It would be helpful if you can provide the jobmanager/taskmanager logs, and gc logs if possible.

Additionally, you may consider to monitor the cpu/memory related metrics [1], see if there's anything abnormal when the problem is observed.

On Wed, Jun 16, 2021 at 8:11 AM Thomas Wang <[hidden email]> wrote:

Hi,


I'm trying to see if we have been given enough resources (i.e. CPU and memory) to each task node to perform a deduplication job. Currently, the job is not running very stable. What I have been observing is that after a couple of days run, we will suddenly see backpressure happen on one arbitrary ec2 instance in the cluster and when that happens, we will have to give up the current state and restart the job with an empty state. We can no longer take savepoint as it would timeout after 10 minutes, which is understandable.


Additional Observations

When the backpressure happens, we see an increase in our state read time (we are measuring it using a custom metric) from about 0.1 milliseconds to 40-60 milliseconds on that specific problematic ec2 instance. We tried to reboot that ec2 instance, so that the corresponding tasks would be assigned to a different ec2 instance, but the problem persists.


However, I’m not sure if this read time increase is a symptom or the cause of the problem.

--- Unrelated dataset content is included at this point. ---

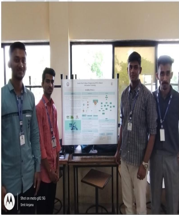
Shot on moto g82 5G Smit Anjana

Background about this deduplication job:

We are making sessionization with deduplication on an event stream by a session key that is embedded in the event. The throughput of the input stream is around 50k records per second. The after-aggregation output is around 8k records per second.

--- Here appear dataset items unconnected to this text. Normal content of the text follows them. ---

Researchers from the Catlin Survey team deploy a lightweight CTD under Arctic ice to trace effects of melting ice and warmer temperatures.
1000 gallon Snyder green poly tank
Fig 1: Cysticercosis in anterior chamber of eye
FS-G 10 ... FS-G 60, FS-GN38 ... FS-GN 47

We are currently using RocksDb-backend state with SSD support and in the state, we are storing session keys with a TTL of 1 week. Based on the current throughput, this could become really huge. I assume RocksDB would flush to the disc as needed, but please correct me if I am wrong.

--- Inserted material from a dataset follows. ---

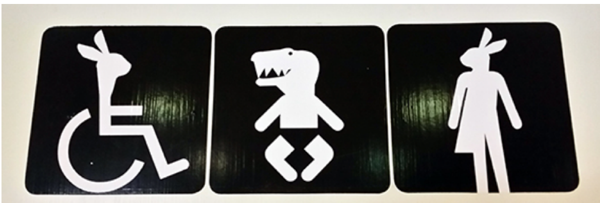
Figure 7: Authors' personal photograph of alternative bathroom symbols for the Swedish Museum of Natural History.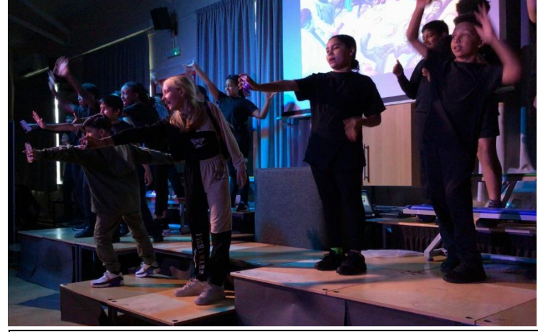
Goodbyes are not forever, goodbyes are not the end. They simply mean I miss you, until we meet again!

Information about the cluster:

I'm running on an AWS EMR cluster with 12 ec2 instances (r5d.2xlarge). I'm using Flink 1.11.2 in Yarn session mode. Currently there is only 1 job running in the Yarn session.


Questions:

1. Currently, I'm starting the yarn session w/ 7g memory on both the Task Manager and and the Job Manager, so that each Yarn container could get 1 CPU. Is this setting reasonable based on your experience?


Here is the command I used to start the Yarn cluster:

export HADOOP_CLASSPATH=`hadoop classpath` && /usr/lib/flink/bin/yarn-session.sh -jm 7g -tm 7g --detached


2. Is there a scientific way to tell what's the right amount of resources I should give to an arbitrary job? Or is this a try and see kinda process?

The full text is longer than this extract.